The modified version shows also the cartesian coordinates with the origin in the left-down corner. The “l-down” stands for left-down y values. The “r-up” stands for right-up y values. This is the syle in PostScript and DjVu files.
Fourth, the Commands menu offers the possibility to copy (Ctrl+C) the DjVu style coordinates. This is useful for the manual insertion of the hidden text layer in DjVu files. In the case of djvu annotations, use Ctrl+A to copy the coordinates of the left-down point and the width and height (for rectangular and oval areas).
Fifth, the Commands menu offers the possibility to copy (Ctrl+M) the coordinates in the style of HTML map images.

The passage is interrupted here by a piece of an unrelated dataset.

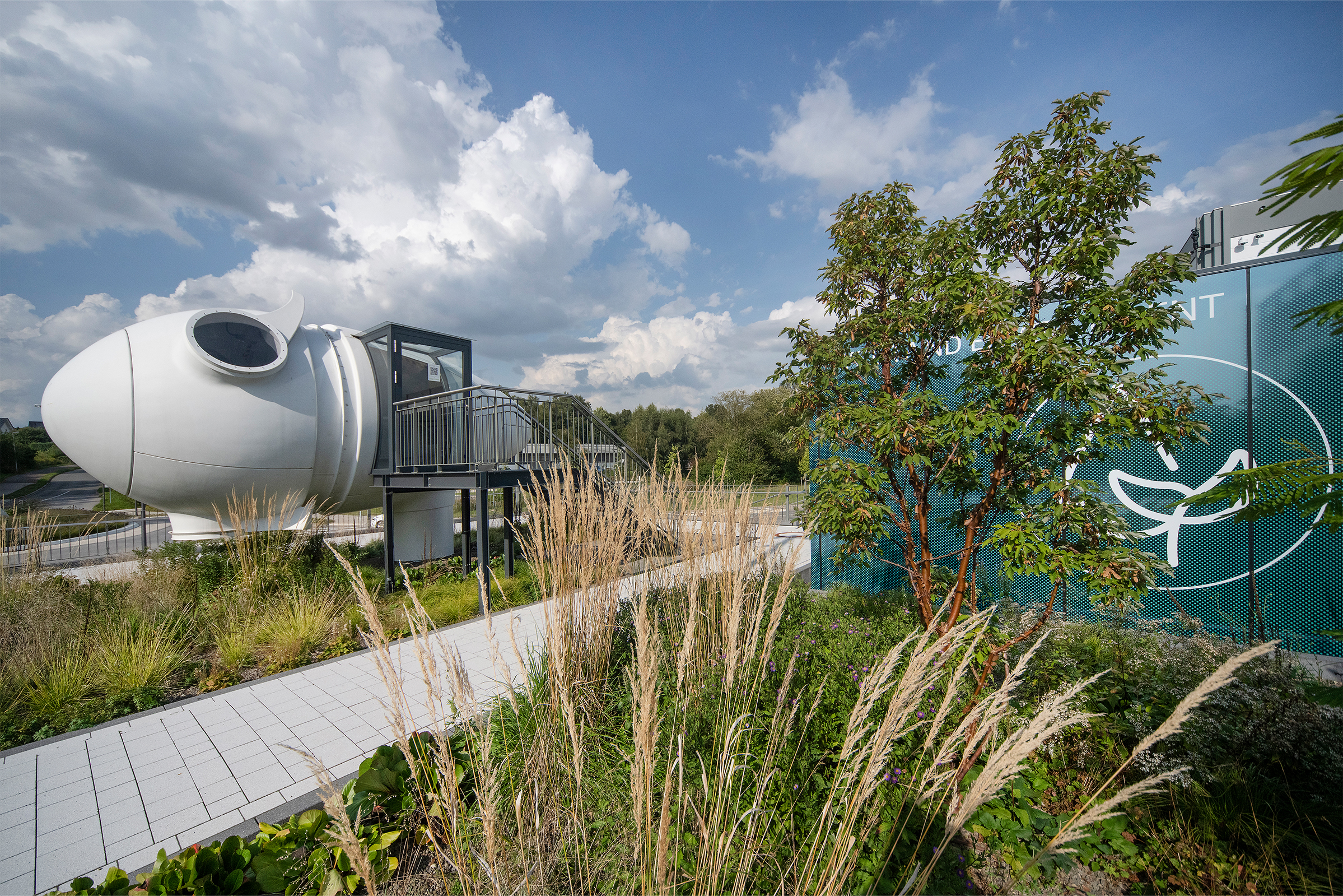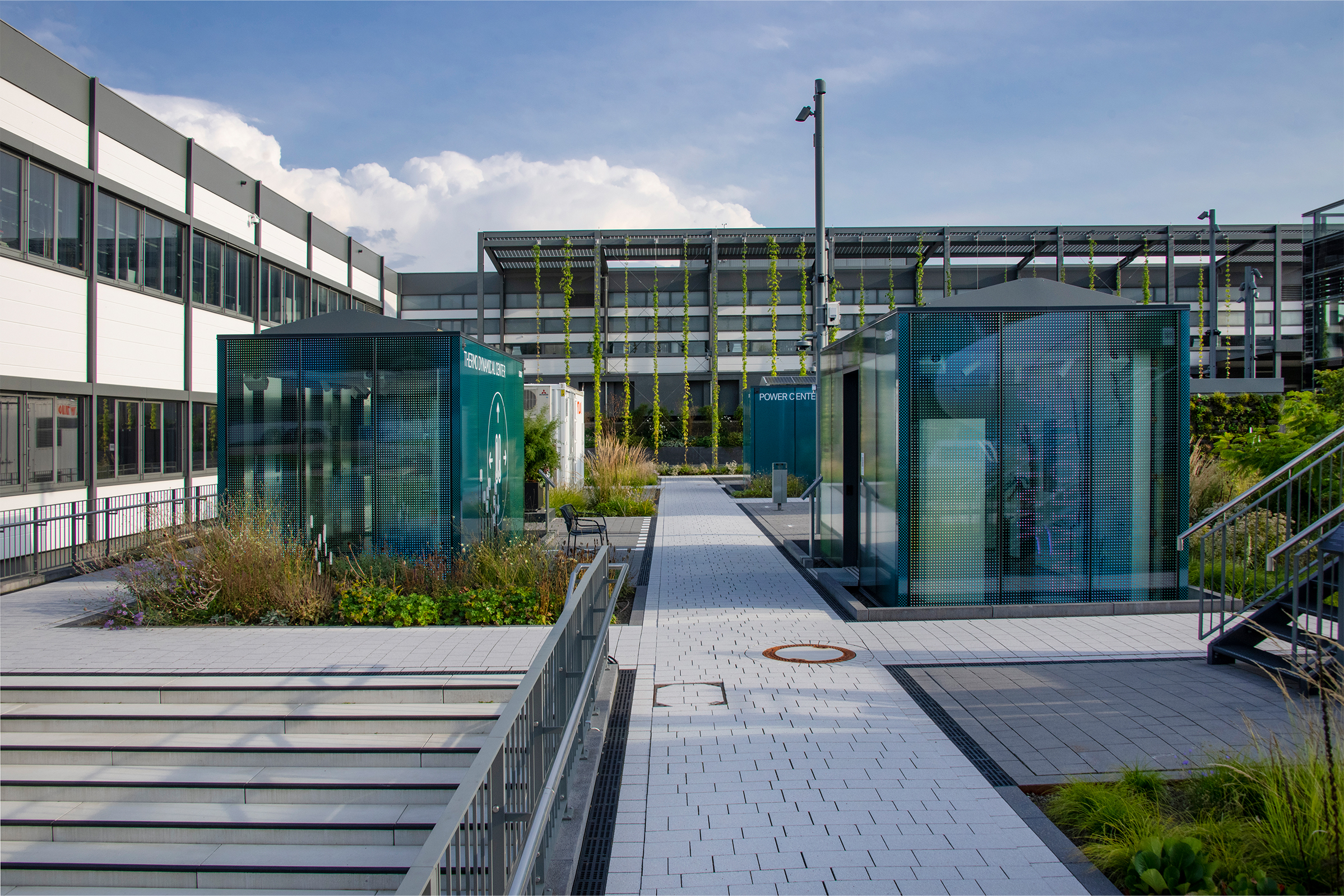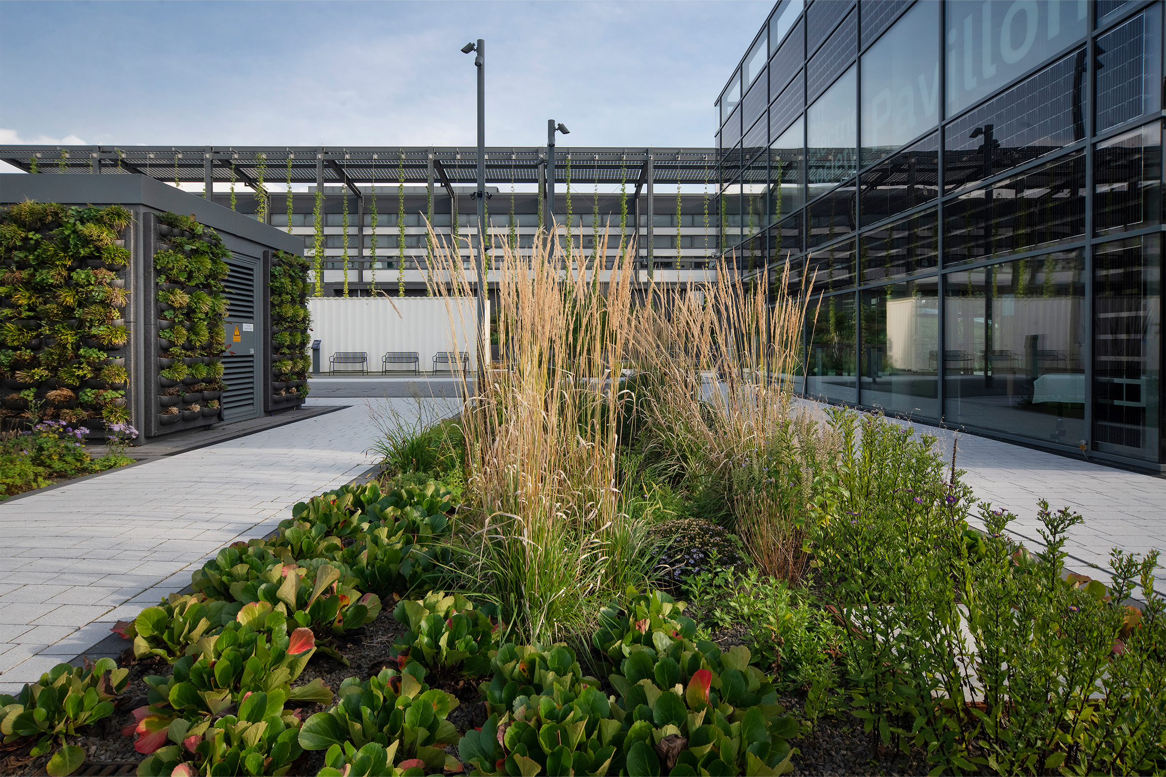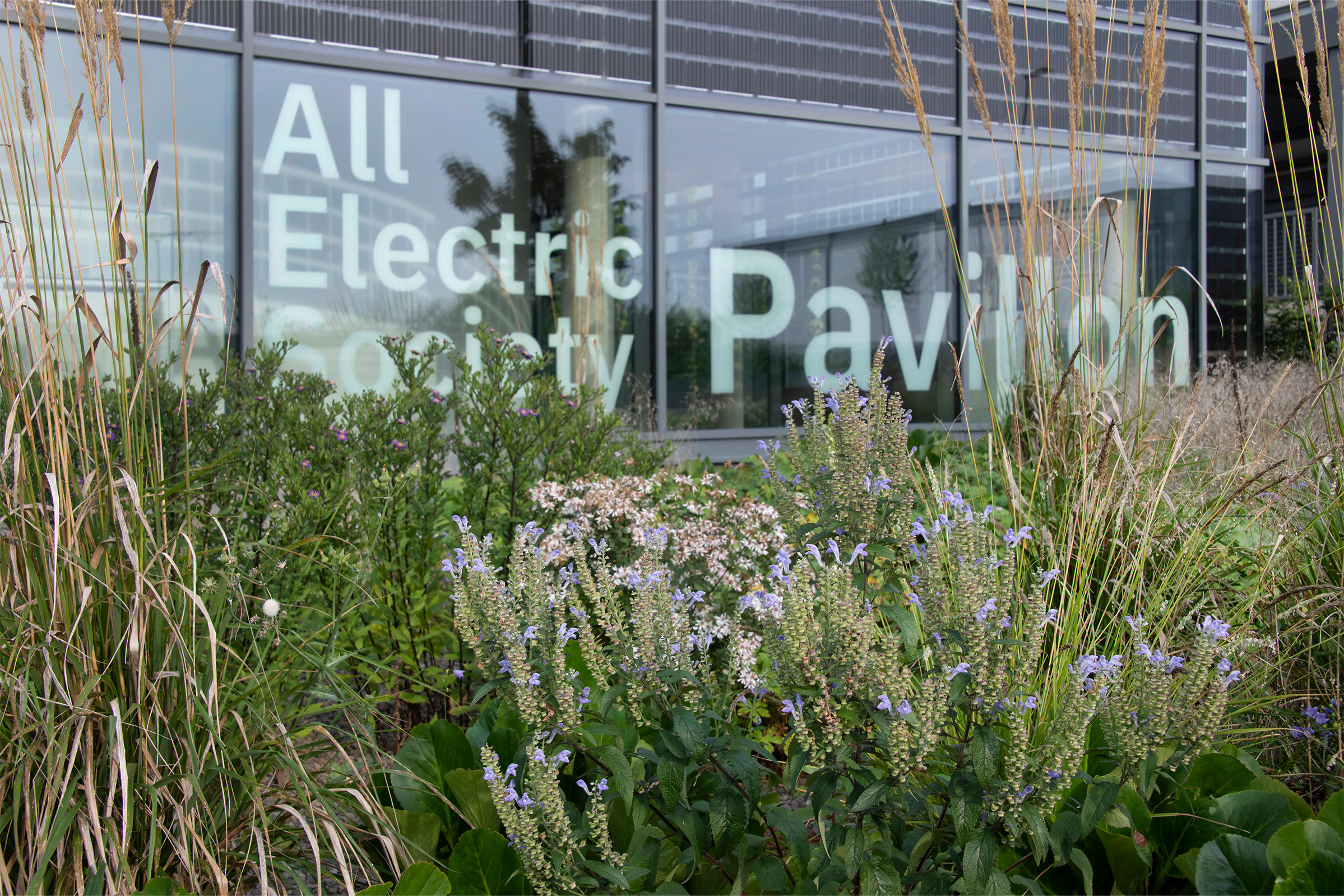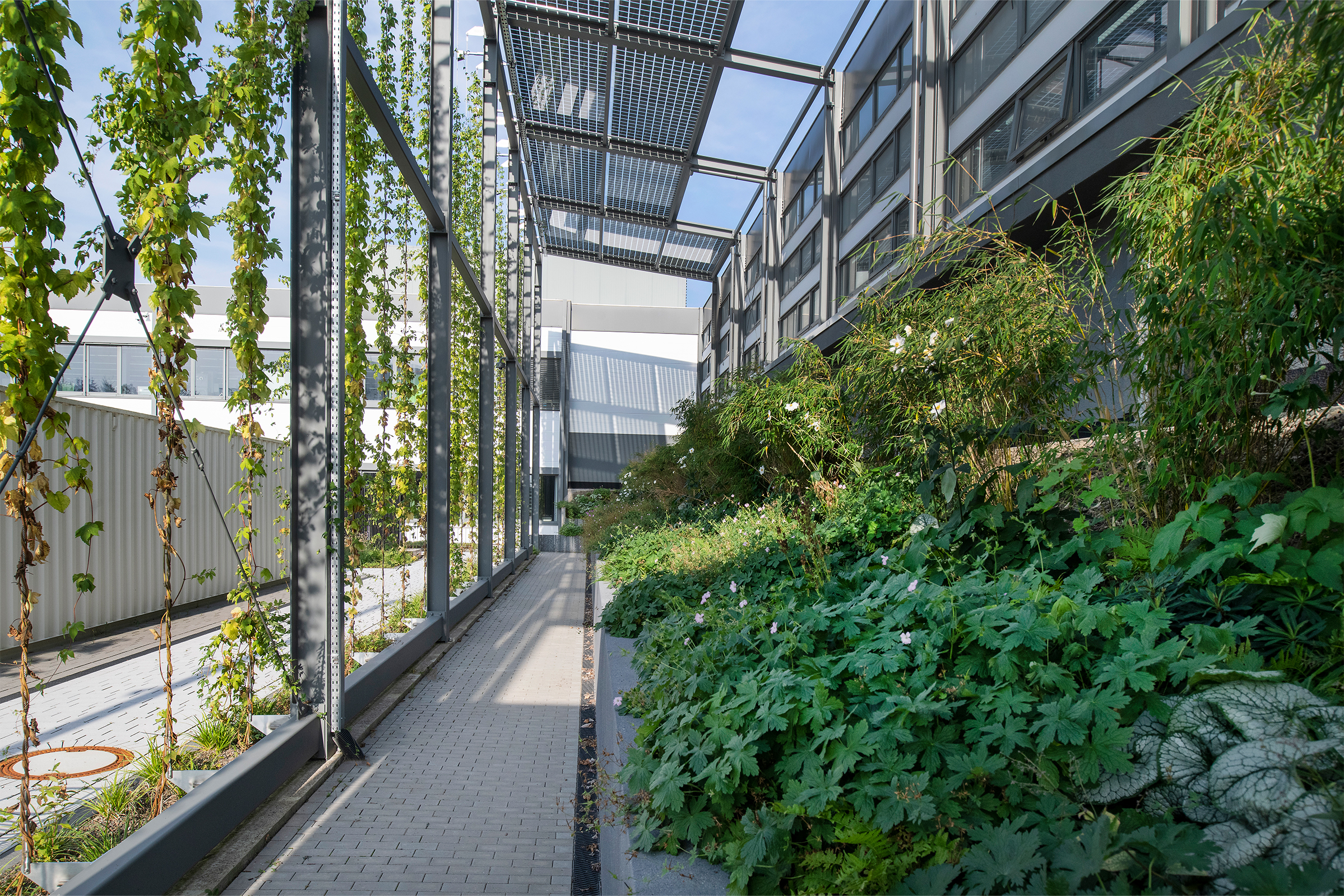 Die Ausstellungsfläche dient zur Präsentation des Zukunftsbildes der „All Electric Society“ – der Leitgedanke des Unternehmens Phoenix Contact. Der Park bettet die Ausstellungselemente funktional, gestalterisch und ökologisch hochwertig in ein. Klimaangepasste Staudenbeete und Kletterpflanzen an der neuen Stahlkonstruktion begrünen den Park und sorgen für Biodiversität. Abwasserbehandelnder Pflasterbelag und eine Solarpflasterfläche unterstützen den Nachhaltigkeitsgedanken. Im Kreisverkehr modellieren Cortenstahlbänder die bepflanzten Flächen und setzen den Solartree in Szene.

This is useful for the creation of HTML file with clickable areas on the images.
Paste the values of the coordinates with a text editor.
In the home directory I have created the folders share\bin
I have put the tesseractBoxEditor.py in that bin folder.
I do not have ~\share\bin in my PATH. You might put the py file in an adequate location, if you want to call the Box Editor from the commandline.
I call the Box Editor, in Gnome, from the context menu. The trick is to put in ~/.gnome2/nautilus-scripts a Python script.
I have adapted a Nautilus Python script which extracts archives. The Nautilus Python script gets the URL of the tiff file and invokes the Box Editor. You may download the script from here.
Note that I do not use the “Open image…” command from the File menu of the Box Editor. I open each image file from the context menu.
First, you need tiff files. They might be created by your scanner. Otherwise, use convert (from ImageMagick):
convert wsh.png wsh.tif
or some other program for converting images.
You can convert pdf files to tiff. I find Fred Smith's script pdf2tif an excellent idea. Smith modified the pdf2ps script. The essential command is:
exec gs $OPTIONS -q -dNOPAUSE -dBATCH -dSAFER -r300x300 -sDEVICE=tiffg3 "-sOutputFile=$outfile" $OPTIONS -c save pop -f "$1"
The script calls GhostScript and creates separate tiff files for the pages of the pdf.
In the case of DjVu, you may use a command like this:
ddjvu -format=tiff ebook.djvu ebook.tiff
Extract the pages from the tiff e-book with:
The program tiffsplit is included in the libtiff package.
Second, you need a box file for the tiff file. Tesseract is able to generate such a file.
The internal commands of the Box Editor are quite simple. The boxes are increased with:
Ctrl + arrow (left, up, down, right)
The boxes are decreased with:
Ctrl + Shift + arrow
Why use the arrow keys? Why not the mouse? I find the arrows much more precise. When you use the boxes for the image of a text, each pixel is important. It would also be difficult to determine exactly the lines of the text in the image.
For the moves from one box to the other you use the following keys:
Tab moves the cursor to the next box.
Shift + Tab moves the cursor to the previous box.
The up and down arrows move the cursor the above and, respectively, bellow boxes.
Click on box to move the cursor there.
The rest of the commands should be easily guessed from the menus.